December 15, 2024

The Importance of Brand Guidelines

Let’s say you end up working with a creative agency (like us!) on your next fundraising campaign. Having your logo files is great! But how do we make sure that your campaign deliverables look and feel like your organization across all materials? After all, we can guess what colors are in your color palette based on whether you share a color version of your logo. We can guess what font is being used in your logotype. But without brand guidelines, we’re just guessing

What do brand guidelines do?

Great question! Brand guidelines give us the rules to follow to create collateral that looks, sounds, and feels like your brand. Using brand guidelines ensure that any materials representing your organization are consistent, cohesive, and immediately recognizable as you. Brand consistency leads to trust, which leads to increased brand awareness, reputation, and support. 

Why do we need brand guidelines?

Brand guidelines set expectations for design and textual standards across the board, whether you’re onboarding a new employee or outsourcing work to a writer, designer, or web development partner — ensuring that whatever work you receive is in alignment with your brand. 

Think of it this way: if you were shopping at the grocery store and saw a Pepsi can but the can was red and the font was Comic Sans, would you trust that it legitimately is a Pepsi product or a knockoff? Probably a knockoff! Brand consistency helps people immediately identify something as yours — or equally important, not yours.

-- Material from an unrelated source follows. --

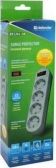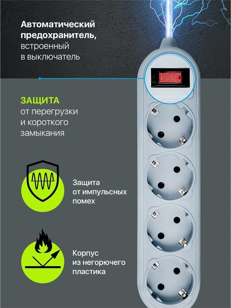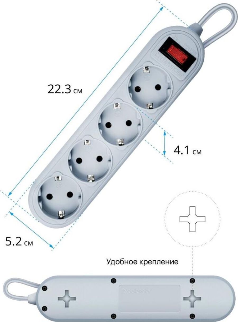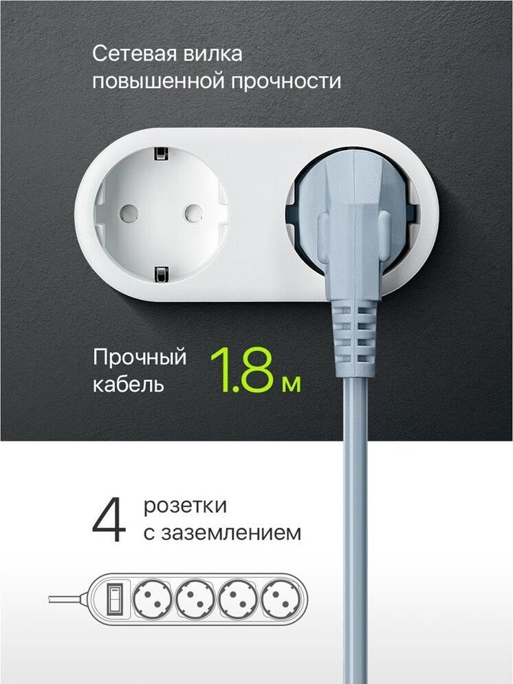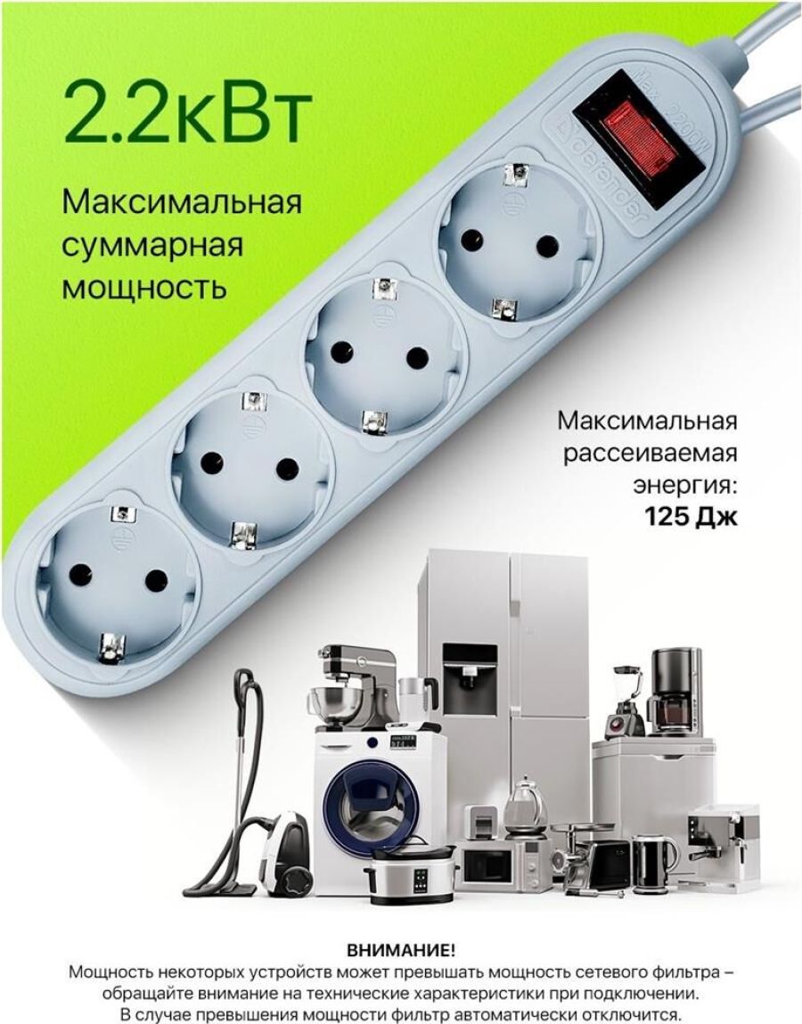 Сетевой фильтр, количество розеток - 4 шт., длина кабеля - 1,8, номинальное напряжение/частота - 230 В / 50 Гц, максимальная суммарная мощность нагрузки - 2200 Вт, максимальный ток нагрузки - 10 А, материал корпуса - негорючий пластик, форма упаковки - картонная коробка.

What belongs in a brand guideline?

It depends! Large organizations may have pages and pages of brand guidelines, while small organizations may stick to the basics. When we create brand guidelines, we include:

Brand Message

Your brand message is the soul, voice, and heart of your brand. Through a clear and consistent brand message, people understand what you do, why they should support you, and how they can make a difference with you. It serves as the foundation for all of your communications. 

Brand Pillars

If your messaging were a house, your pillars are the foundational supports holding it up. Each one is important on its own, but together, they create the full picture of your brand. When crafting language to talk about your nonprofit on your website, in social media posts, one-pagers, fundraising collateral, etc., you can use your brand pillars as bold statements on their own or expand upon them to create new copy.

Tagline

Logo Design

Your logo is the face of your brand for a reason! But if it becomes compromised — stretched, distorted, the colors are altered — then it raises a flag about whether the piece is actually from your organization. That’s why rules surrounding your logo and how to use it must be included in brand guidelines, such as size restrictions, minimum clear space, and incorrect usage. 

Typography

Your logo likely includes letterforms, known as your logotype. Knowing what font is used to create those letterforms is important because you can then use that same font across your materials. In some cases, you may need an alternative font for accessibility purposes, which should also be listed in your brand guidelines. You should also know the typefaces, families, weights, and recommended typographical emphasis for different headings and body copy.   

Color Palette

Your color palette is the collection of colors that comprise your brand. Most commonly, there are your primary colors, which appear in your logo, and your secondary colors, which can be used as accents. Your color palette should include  RGB, CMYK, web, and Pantone codes so your materials are cohesive across web and print. 

Imagery

There’s a reason why they say a picture is worth a thousand words. Sometimes, it helps to have visual reference points to understand the look and feel of a brand — which is why we often include photos and graphics in our brand guidelines. There may be color overlay, tone shifts to either warmer or cooler depending on your color palette, or visual effects such as high contrast and highlighting. 

Style Guide

For larger organizations such as higher education institutions, a style guide may be included as part of the brand guidelines. These outline when words need to be capitalized, what acronyms and abbreviations are allowable, and proper phrasing of a building, program, or department, among others.


Brand guidelines are a key component of your marketing and communications toolbox. They make it easier to keep your brand consistent and immediately recognizable, while also allowing you to delegate work as needed more seamlessly. Have brand guidelines? Yay! Don’t have brand guidelines but want them? Also yay! We’re here to support you however we can!